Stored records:

-----

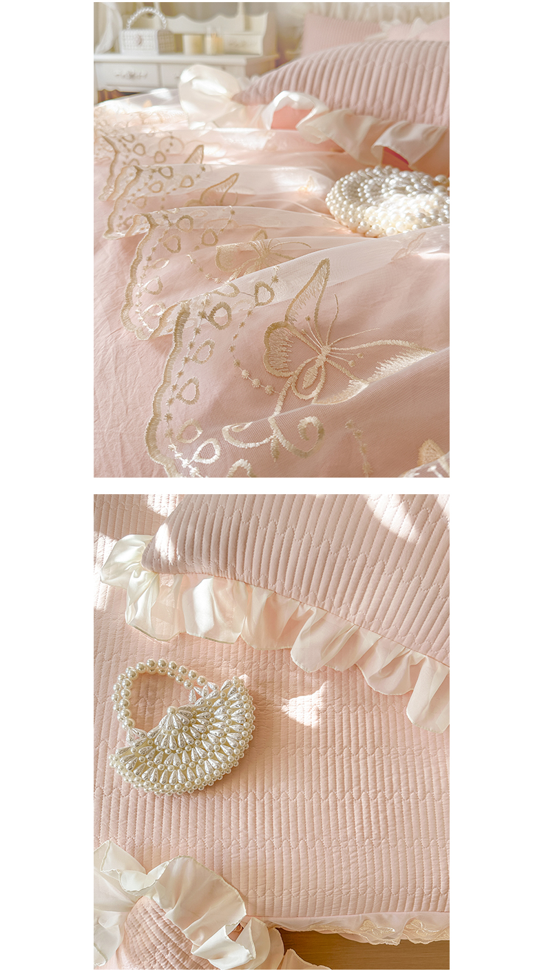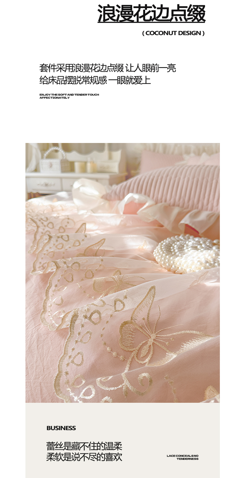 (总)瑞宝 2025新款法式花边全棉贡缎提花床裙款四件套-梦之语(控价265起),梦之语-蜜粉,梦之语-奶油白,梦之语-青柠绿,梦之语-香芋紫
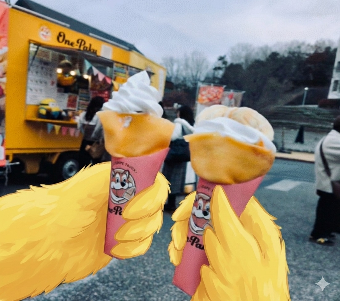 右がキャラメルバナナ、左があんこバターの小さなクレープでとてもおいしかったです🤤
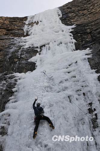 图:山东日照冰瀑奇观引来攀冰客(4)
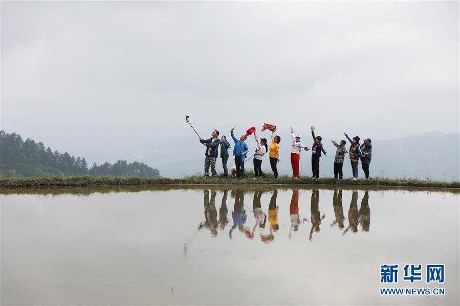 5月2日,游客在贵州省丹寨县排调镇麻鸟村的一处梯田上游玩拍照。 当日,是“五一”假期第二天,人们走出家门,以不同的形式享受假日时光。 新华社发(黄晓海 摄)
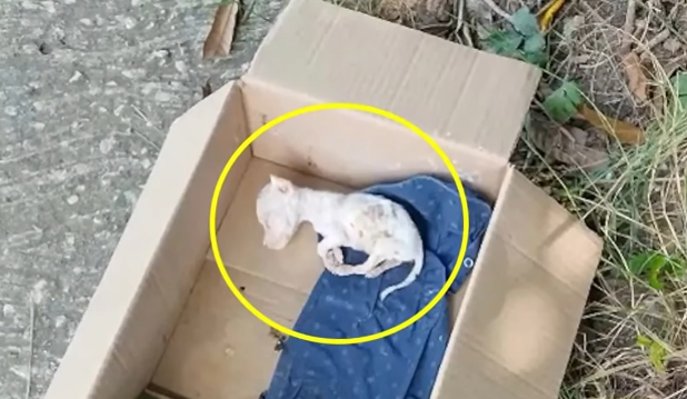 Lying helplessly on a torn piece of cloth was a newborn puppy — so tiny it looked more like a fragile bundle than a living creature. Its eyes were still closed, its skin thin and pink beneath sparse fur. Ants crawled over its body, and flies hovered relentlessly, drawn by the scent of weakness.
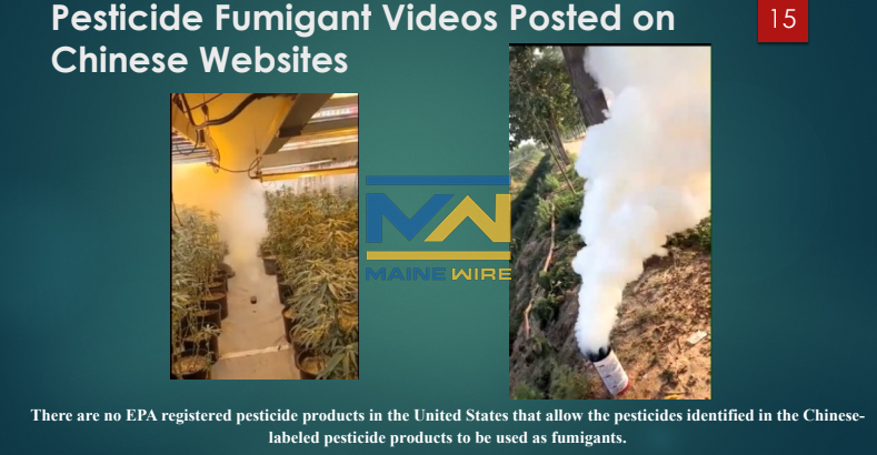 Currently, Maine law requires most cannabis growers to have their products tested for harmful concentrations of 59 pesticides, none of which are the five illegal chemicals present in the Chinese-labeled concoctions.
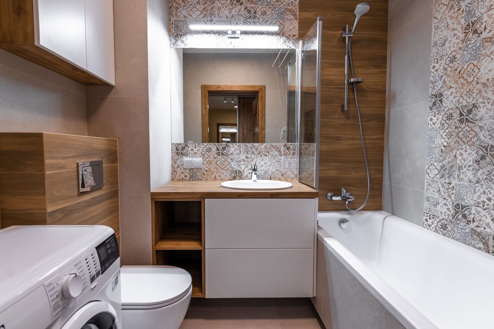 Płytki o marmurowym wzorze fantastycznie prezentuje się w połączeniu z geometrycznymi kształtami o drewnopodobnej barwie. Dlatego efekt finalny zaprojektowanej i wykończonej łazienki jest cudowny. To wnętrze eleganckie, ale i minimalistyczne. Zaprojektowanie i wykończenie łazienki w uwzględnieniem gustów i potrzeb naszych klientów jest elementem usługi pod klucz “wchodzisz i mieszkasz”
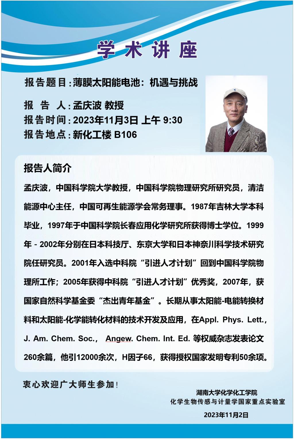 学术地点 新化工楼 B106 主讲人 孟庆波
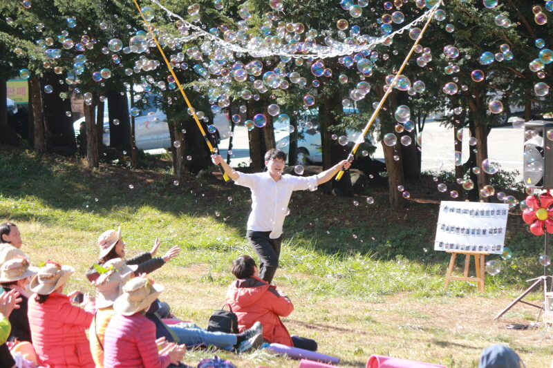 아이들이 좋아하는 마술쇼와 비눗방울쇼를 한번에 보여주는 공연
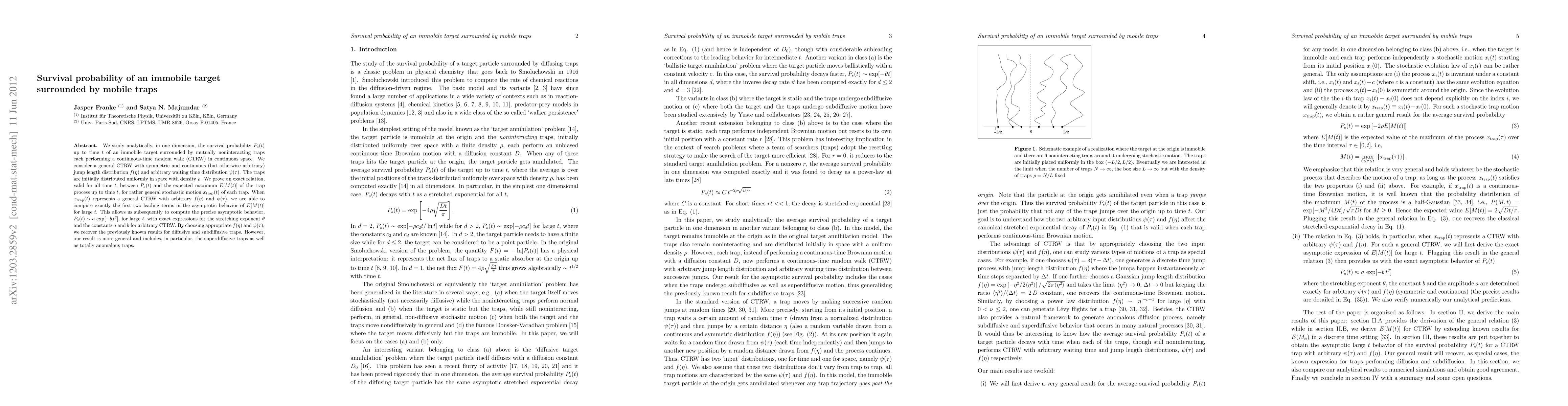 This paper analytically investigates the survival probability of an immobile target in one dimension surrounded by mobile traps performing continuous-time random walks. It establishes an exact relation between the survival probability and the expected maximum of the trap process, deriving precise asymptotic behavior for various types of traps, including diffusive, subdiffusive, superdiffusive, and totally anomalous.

-----

» TASK GOAL: No pictures belong in the copy. Transcribe every entry exactly.

» ANSWER FOR THIS EXERCISE:
 (总)瑞宝 2025新款法式花边全棉贡缎提花床裙款四件套-梦之语(控价265起),梦之语-蜜粉,梦之语-奶油白,梦之语-青柠绿,梦之语-香芋紫
 右がキャラメルバナナ、左があんこバターの小さなクレープでとてもおいしかったです🤤
 图:山东日照冰瀑奇观引来攀冰客(4)
 5月2日,游客在贵州省丹寨县排调镇麻鸟村的一处梯田上游玩拍照。 当日,是“五一”假期第二天,人们走出家门,以不同的形式享受假日时光。 新华社发(黄晓海 摄)
 Lying helplessly on a torn piece of cloth was a newborn puppy — so tiny it looked more like a fragile bundle than a living creature. Its eyes were still closed, its skin thin and pink beneath sparse fur. Ants crawled over its body, and flies hovered relentlessly, drawn by the scent of weakness.
 Currently, Maine law requires most cannabis growers to have their products tested for harmful concentrations of 59 pesticides, none of which are the five illegal chemicals present in the Chinese-labeled concoctions.
 Płytki o marmurowym wzorze fantastycznie prezentuje się w połączeniu z geometrycznymi kształtami o drewnopodobnej barwie. Dlatego efekt finalny zaprojektowanej i wykończonej łazienki jest cudowny. To wnętrze eleganckie, ale i minimalistyczne. Zaprojektowanie i wykończenie łazienki w uwzględnieniem gustów i potrzeb naszych klientów jest elementem usługi pod klucz “wchodzisz i mieszkasz”
 学术地点 新化工楼 B106 主讲人 孟庆波
 아이들이 좋아하는 마술쇼와 비눗방울쇼를 한번에 보여주는 공연
 This paper analytically investigates the survival probability of an immobile target in one dimension surrounded by mobile traps performing continuous-time random walks. It establishes an exact relation between the survival probability and the expected maximum of the trap process, deriving precise asymptotic behavior for various types of traps, including diffusive, subdiffusive, superdiffusive, and totally anomalous.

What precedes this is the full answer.